=== INSTRUCTIONS FOR THE TASK ===
Pictures in the listing below are skipped, while the lines from the "分析 连结OA、OB,如图,先根据切线的" line through the "圖為林芝市森林消防支隊救援人" line are returned word for word.

=== STORED DATA ===
──────────

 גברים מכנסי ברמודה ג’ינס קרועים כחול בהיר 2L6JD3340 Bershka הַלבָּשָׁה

──────────

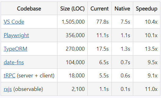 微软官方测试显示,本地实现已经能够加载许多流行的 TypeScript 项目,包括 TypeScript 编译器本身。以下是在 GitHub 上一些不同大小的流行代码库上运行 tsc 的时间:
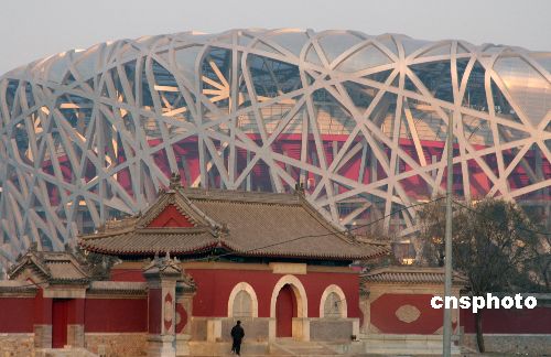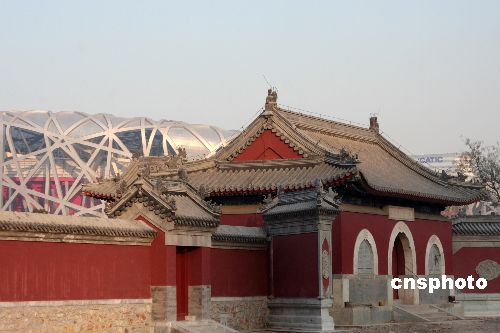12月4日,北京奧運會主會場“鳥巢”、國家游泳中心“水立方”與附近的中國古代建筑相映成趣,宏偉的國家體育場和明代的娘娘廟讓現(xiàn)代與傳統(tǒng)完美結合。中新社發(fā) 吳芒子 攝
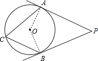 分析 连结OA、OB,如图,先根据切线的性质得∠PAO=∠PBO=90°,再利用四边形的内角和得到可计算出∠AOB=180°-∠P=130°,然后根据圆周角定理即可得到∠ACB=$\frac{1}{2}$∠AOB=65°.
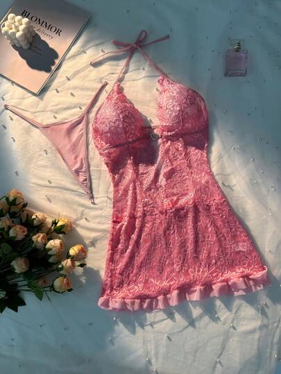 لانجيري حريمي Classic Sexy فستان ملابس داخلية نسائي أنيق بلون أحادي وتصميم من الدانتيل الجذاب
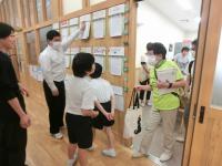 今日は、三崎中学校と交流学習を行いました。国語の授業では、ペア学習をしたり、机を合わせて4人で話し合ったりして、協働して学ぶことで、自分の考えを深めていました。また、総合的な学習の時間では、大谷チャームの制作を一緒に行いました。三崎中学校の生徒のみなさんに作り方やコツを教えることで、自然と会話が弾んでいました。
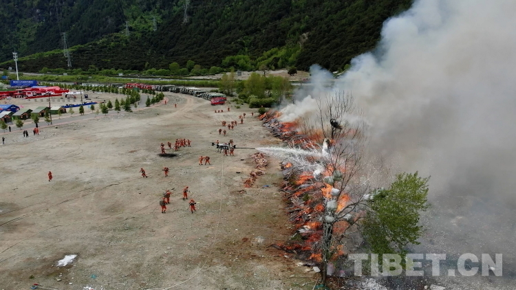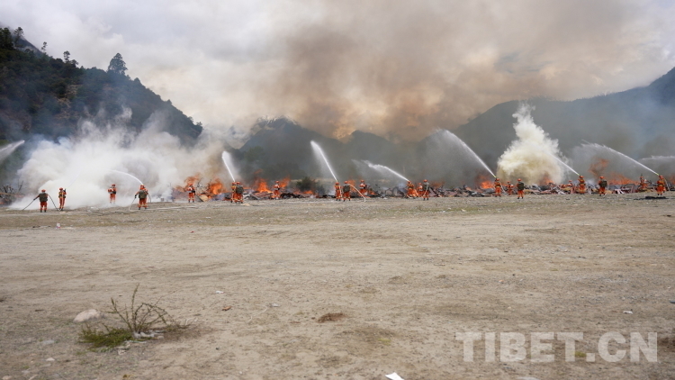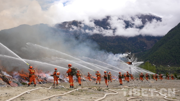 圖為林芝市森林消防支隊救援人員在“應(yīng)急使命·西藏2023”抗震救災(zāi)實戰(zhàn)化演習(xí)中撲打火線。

──────────

=== ANSWER FOR THIS EXERCISE ===
 分析 连结OA、OB,如图,先根据切线的性质得∠PAO=∠PBO=90°,再利用四边形的内角和得到可计算出∠AOB=180°-∠P=130°,然后根据圆周角定理即可得到∠ACB=$\frac{1}{2}$∠AOB=65°.
 لانجيري حريمي Classic Sexy فستان ملابس داخلية نسائي أنيق بلون أحادي وتصميم من الدانتيل الجذاب
 今日は、三崎中学校と交流学習を行いました。国語の授業では、ペア学習をしたり、机を合わせて4人で話し合ったりして、協働して学ぶことで、自分の考えを深めていました。また、総合的な学習の時間では、大谷チャームの制作を一緒に行いました。三崎中学校の生徒のみなさんに作り方やコツを教えることで、自然と会話が弾んでいました。
 圖為林芝市森林消防支隊救援人員在“應(yīng)急使命·西藏2023”抗震救災(zāi)實戰(zhàn)化演習(xí)中撲打火線。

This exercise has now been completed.